4)  Evidence is growing that some prominent politicians have friends and family with financial interest in the private RAC audit companies. When coupled with the fact that Congress protects these contractors from a countersuit for a fraudulent investigation, the RAC system not only violates the rule of law, it takes on a nature reminiscent of Stalinist Russia.

 

What this Means for Hospitals, Physicians, and Patients

The Center for Medicare & Medicaid Services boasts $900 million in overpayments were collected between 2005 and 2008. Yet, what does this really look like behind the Washington spin?

 

Hospitals

I interviewed a small to mid-sized hospital. On average the RAC audits reveal approximately $50,000 of mistaken “over-bills” per year. (Of note: the private auditors do not aggressively look for mistaken “under-billing” to offset these “over-billing errors.”) Yet, it costs the hospital approximately $500,000 to comply with the program. Rather than making the healthcare system more efficient, RAC audits compound the inefficiency at least ten-fold if not more.

 

Physicians

A second case report gives a sense of how these investigations impact physicians. A local physician group experienced an AdvanceMed audit, an earlier version of the RAC. For a year Medicare auditors made their practice a living hell, making them question if it was worth participating in Medicare at all.

An independent reviewer reviewed 86 patient records and “found” the physicians had “inappropriately billed” Medicare for $351,820. The cardiology group fought the allegations for a year. Eventually all charges were dropped. The physician group was vindicated but only after spending almost $100,000 in legal fees. The independent reviewers were clearly after money, not justice. One example makes this clear.

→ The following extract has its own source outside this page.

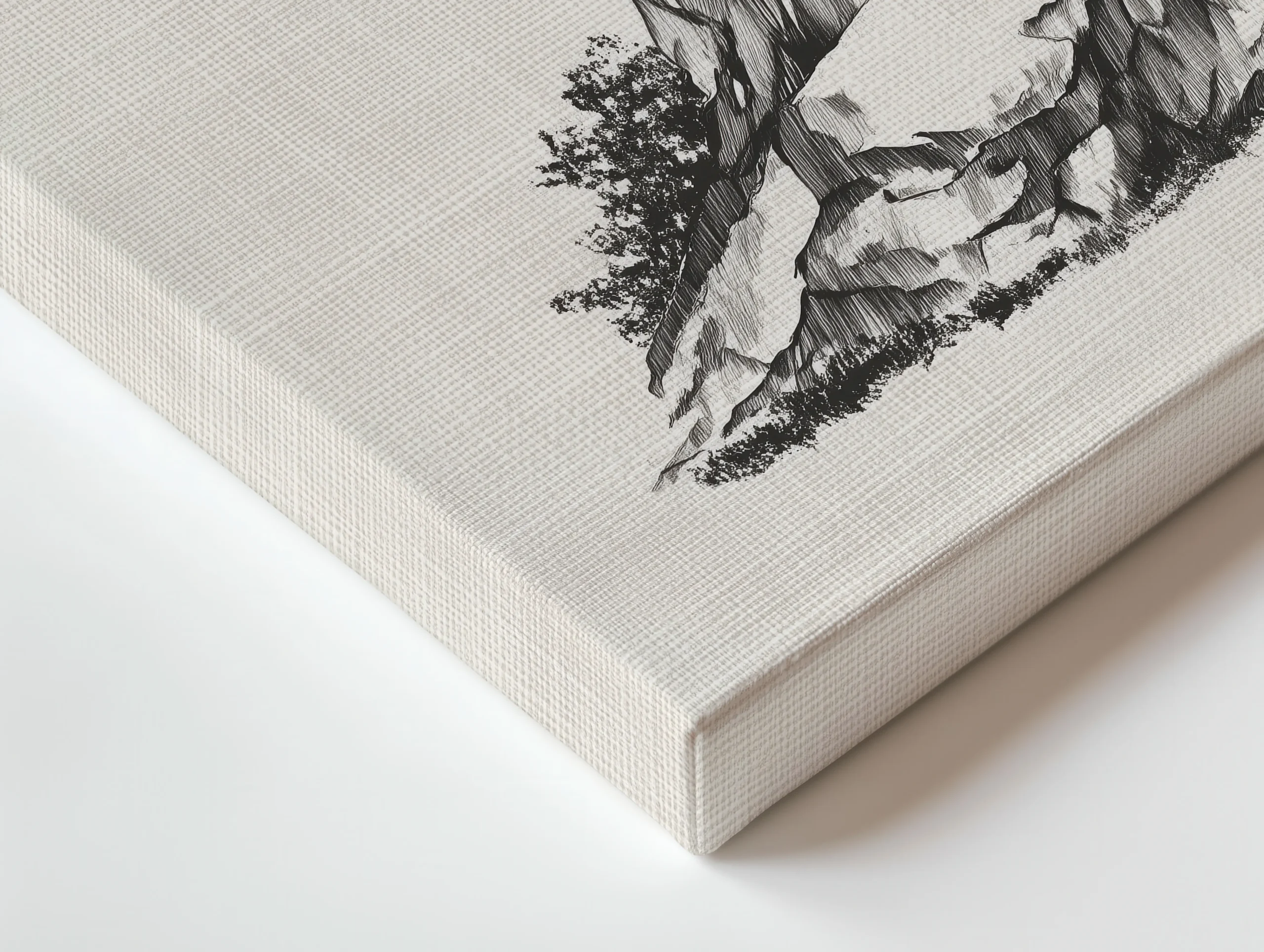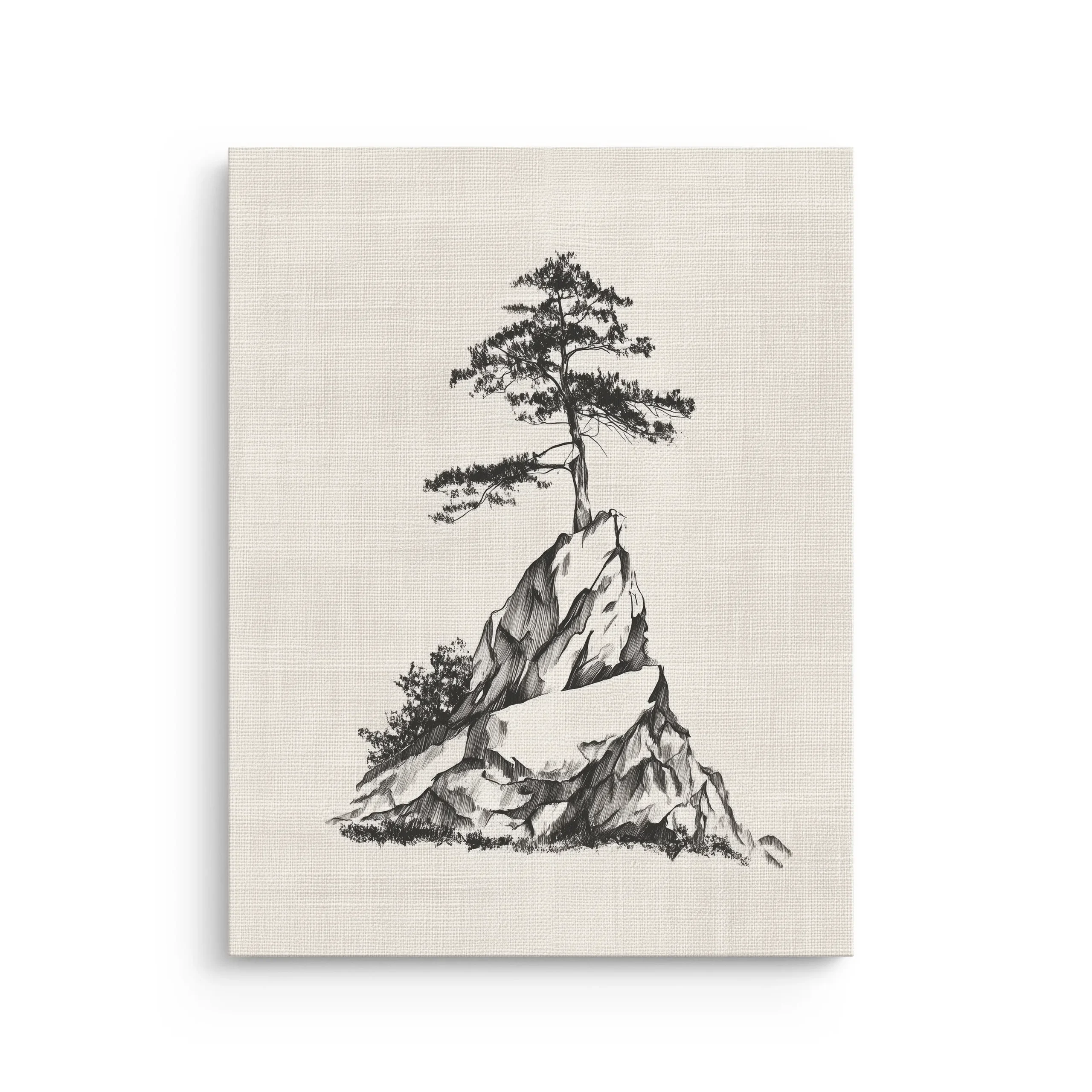 A minimalist sumi-e style ink drawing of a lone pine tree perched on rugged stone, printed on a premium thin canvas and ready to hang.
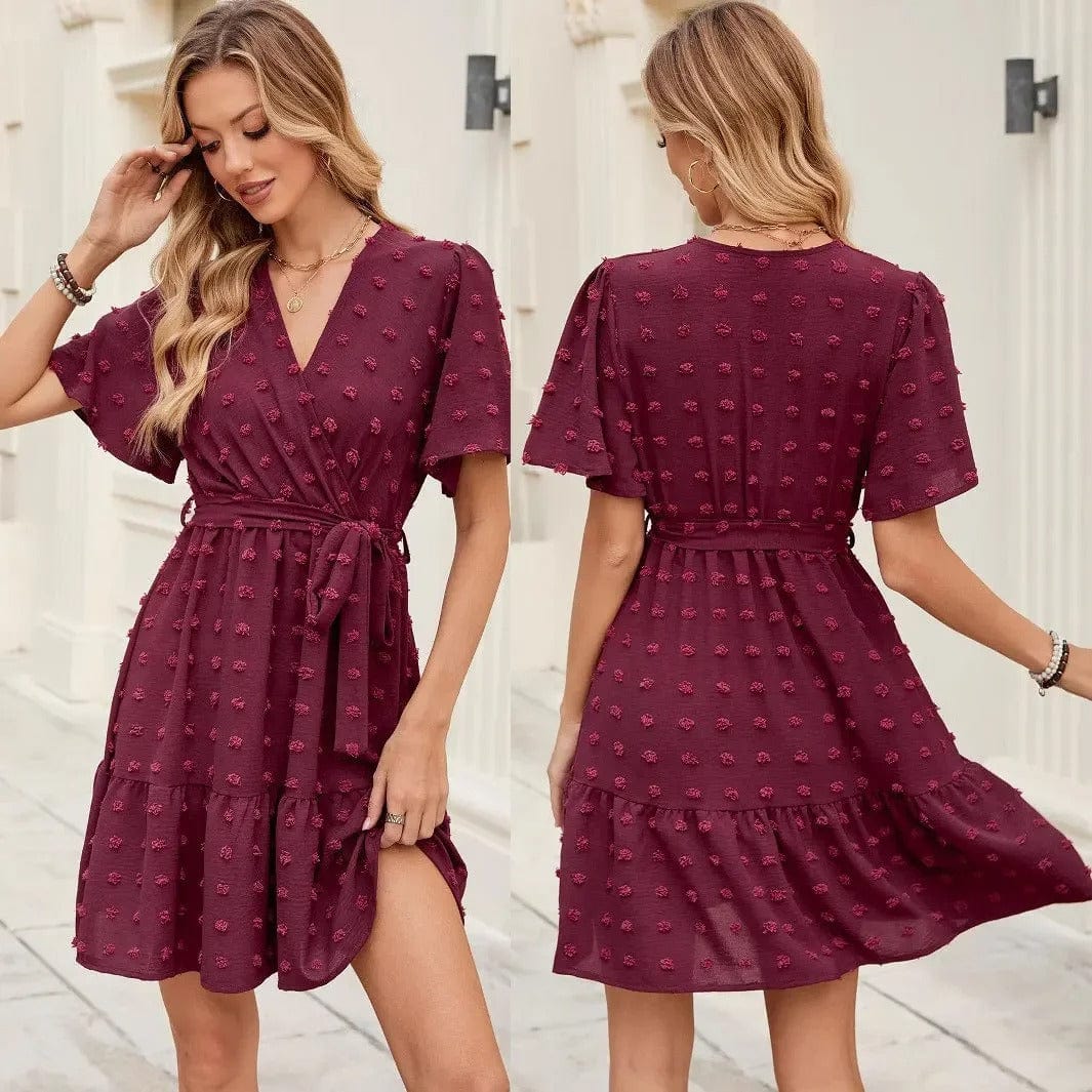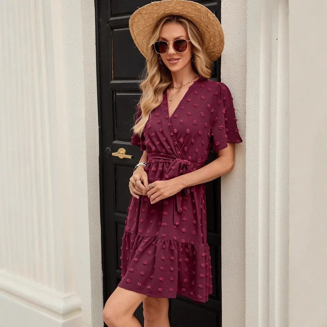 Lyft din sommarstil med denna vinröda klänning som kombinerar elegans och komfort. Perfekt för både vardagliga äventyr och speciella tillfällen.

The auditor alleged the group had “fraudulently” billed for was a man undergoing a chemical stress test. The allegation was the patient should have undergone a less expensive traditional treadmill stress test. The difficulty with this accusation was the man was a double amputee—he had no legs. This made a traditional treadmill test impossible.

The auditors were not trained health care professionals and were clearly not qualified to perform such an audit—they were bounty hunters. (It is worth remembering the cardiology group could not sue the investigators for conducting this “fraudulent investigation.”)

 

Patients

How this story ends holds a lesson for America. The cardiology group falsely accused of $351,820 worth of inappropriate Medicare billing went bankrupt shortly after clearing its name. Why? Ironically, because they cared for patients on Medicare. Specifically:

1) Medicare reimbursement often does not cover overhead.
2) Because Congress has not fixed the SGR (see Primary Reform #1), Medicare withheld physician payment on four separate occasions during 2010. This caused significant cash flow problems for private physicians.
3) The RAC auditors forced the group to take out a loan to cover the $351,820 while the group mounted a defense. In addition, the group spent $100,000 on its defense. These cash outlays combined with Medicare’s interruptions of payment were more that the group could sustain.

In the end, these cardiologists no longer can see patients as independent physicians. They are now hospital employees.